**SUPPLIED DATA**.
----------

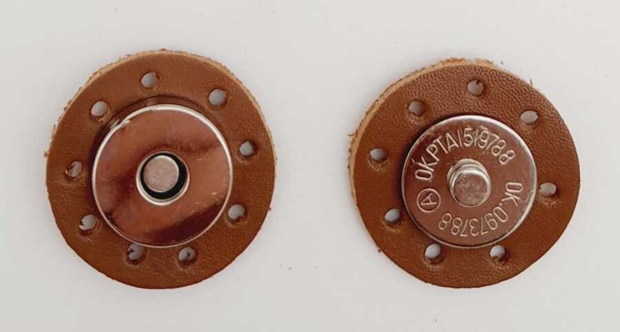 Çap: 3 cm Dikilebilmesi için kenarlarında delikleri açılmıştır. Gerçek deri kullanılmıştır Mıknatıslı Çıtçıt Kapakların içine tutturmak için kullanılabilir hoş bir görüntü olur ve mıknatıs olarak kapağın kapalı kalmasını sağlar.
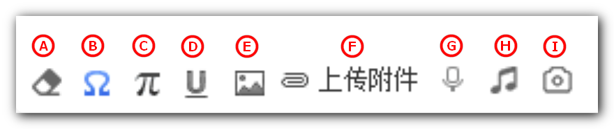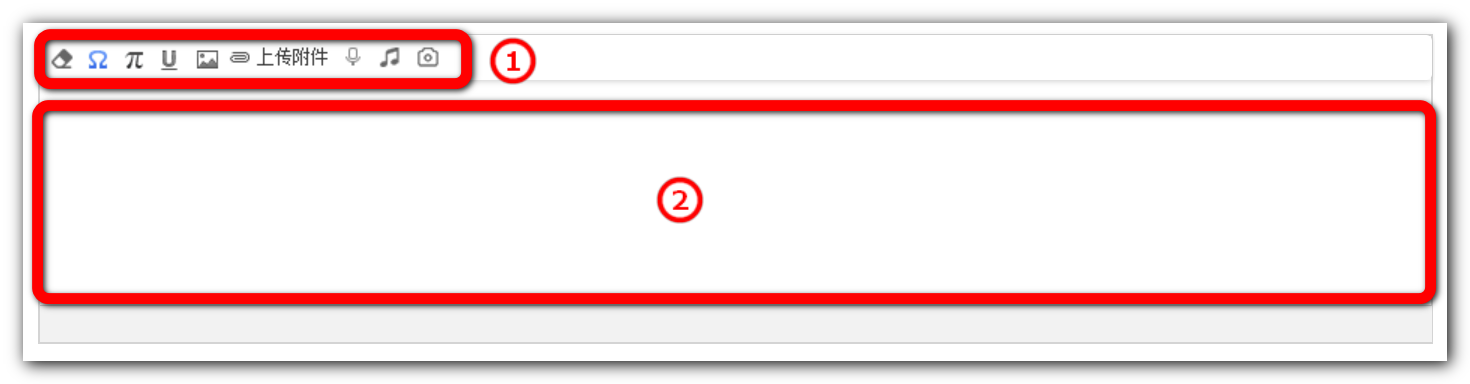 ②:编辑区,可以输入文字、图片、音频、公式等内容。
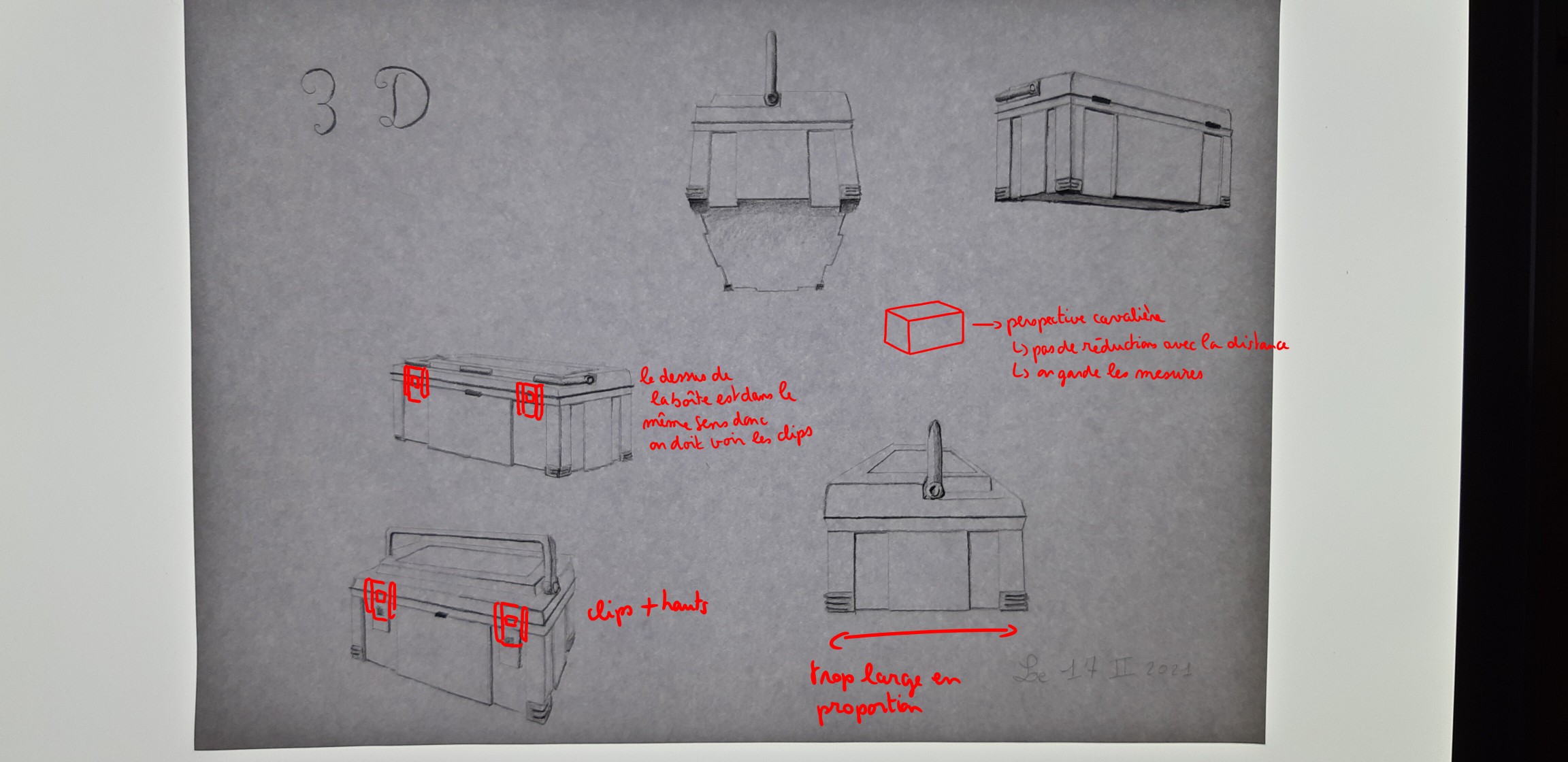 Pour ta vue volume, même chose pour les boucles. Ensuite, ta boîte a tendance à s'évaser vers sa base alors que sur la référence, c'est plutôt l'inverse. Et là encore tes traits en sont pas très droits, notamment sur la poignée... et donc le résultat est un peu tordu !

----------

**WHAT THE TASK ASKS**.
Give the listing again word for word. Skip any pictures.

**SOLUTION FOR THIS TASK**.
 Çap: 3 cm Dikilebilmesi için kenarlarında delikleri açılmıştır. Gerçek deri kullanılmıştır Mıknatıslı Çıtçıt Kapakların içine tutturmak için kullanılabilir hoş bir görüntü olur ve mıknatıs olarak kapağın kapalı kalmasını sağlar.
 ②:编辑区,可以输入文字、图片、音频、公式等内容。
 Pour ta vue volume, même chose pour les boucles. Ensuite, ta boîte a tendance à s'évaser vers sa base alors que sur la référence, c'est plutôt l'inverse. Et là encore tes traits en sont pas très droits, notamment sur la poignée... et donc le résultat est un peu tordu !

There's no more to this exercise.